Our community consists of 600 startup founders paired with VP’s of growth from later-stage companies. We have 300 YC founders plus senior marketers from companies including Medium, Docker, Invision, Intuit, Pinterest, Discord, Webflow, Lambda School, Perfect Keto, Typeform, Modern Fertility, Segment, Udemy, Puma, Cameo, and Ritual.
You can participate in our community by joining Demand Curve’s marketing webinars, Slack group, or marketing training program.
Without further ado, onto the advice.
Editor’s note: This is the first of a new series of articles on startup growth tactics in 2019 for Extra Crunch. This first article has been unlocked for all TechCrunch readers.
Don’t abandon email unsubscribers. They’re still useful.
Based on insights from Matt Sornson of Clearbit.
You’ve launched a new feature and want to tell your audience about it. You can send an email to your newsletter subscribers, but how do you reach the 20%+ who unsubscribed? Most people mistakenly consider this audience to be a lost cause.
- Create a custom audience of all newsletter unsubscribers on Facebook.
- Run ads announcing the new feature to that audience.
- Now you’ve reactivated people who at one point had an interest in your product — instead of forever ignoring them.
Tips for effectively working with influencers
Based on insights from Barron Caster of Rev.
- Create a referral system for influencers: Influencers who sign up others get a % of their sales or signups. This makes a mini-pyramid structure and turns your influencers into a salesforce. Why is this important? Some influencers don’t actually sell products, but just sign up tons of other influencers. Find these people.
- Get everything you can out of an engagement (e.g. permission to use them as a testimonial for emails, social proof, etc.).
- Working with influencers is a relationship-building game:
- Actually go to conferences to meet influencers.
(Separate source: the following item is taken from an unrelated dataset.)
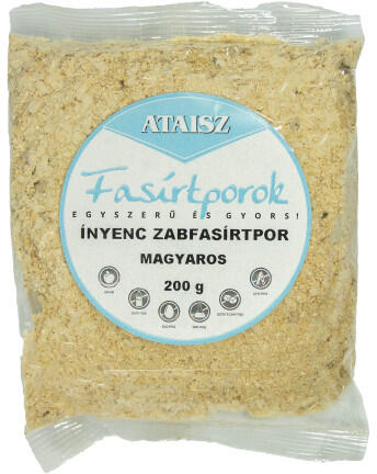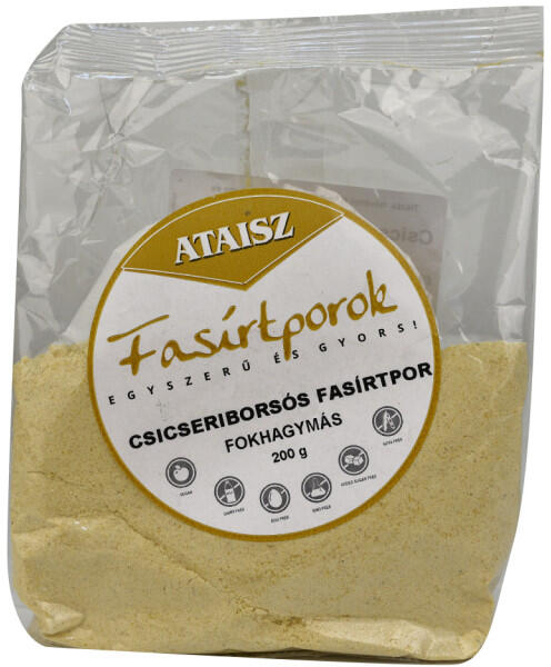 Ataisz csicseriborsós fasírtpor fokhagymás 200 g Tiszta, növényi fehérjeforrás, mely könnyen és gyorsan elkészíthető. A megadott vízmennyiség hozzáadása után, formázás és sütés után fogyasztható. Elkészítés: A tasak tartalmát keverjük el kb. 180 ml vízzel, hogy formázható masszát kapjunk. . 6-8 percig hagyjuk állni. Ezután nem túl forró (!) olajban tetszés sze

- Treat influencers like royalty. Surprise them with gifts like flowers/donuts. $100 to send a gift can pay hefty dividends if they like your brand more and share that with their followers.
- Give influencers a tangible benefit to share with their followers. They care about their followers and want to beneficially incentivize them to click on their link and buy with them.
More tips for working with influencers
Based on insights from Cezar Grigore of Tremo Books.
- Geo rollouts: Your ROI increases when a bunch of influencers in the same category / region share your product within an interval of 2-4 weeks. It gives the impression that everyone is talking about your product.
- Initially focus on influencers with 10-150k audiences. They’re smaller and more willing to accept bartered deals. There are enough influencers in this range willing to work in exchange for a free product. Most may not be producing results, but some work well, bringing in 50-200 customers within 24 hours. As you build up your following and reputation for your brand, it becomes much easier to work with more influential people.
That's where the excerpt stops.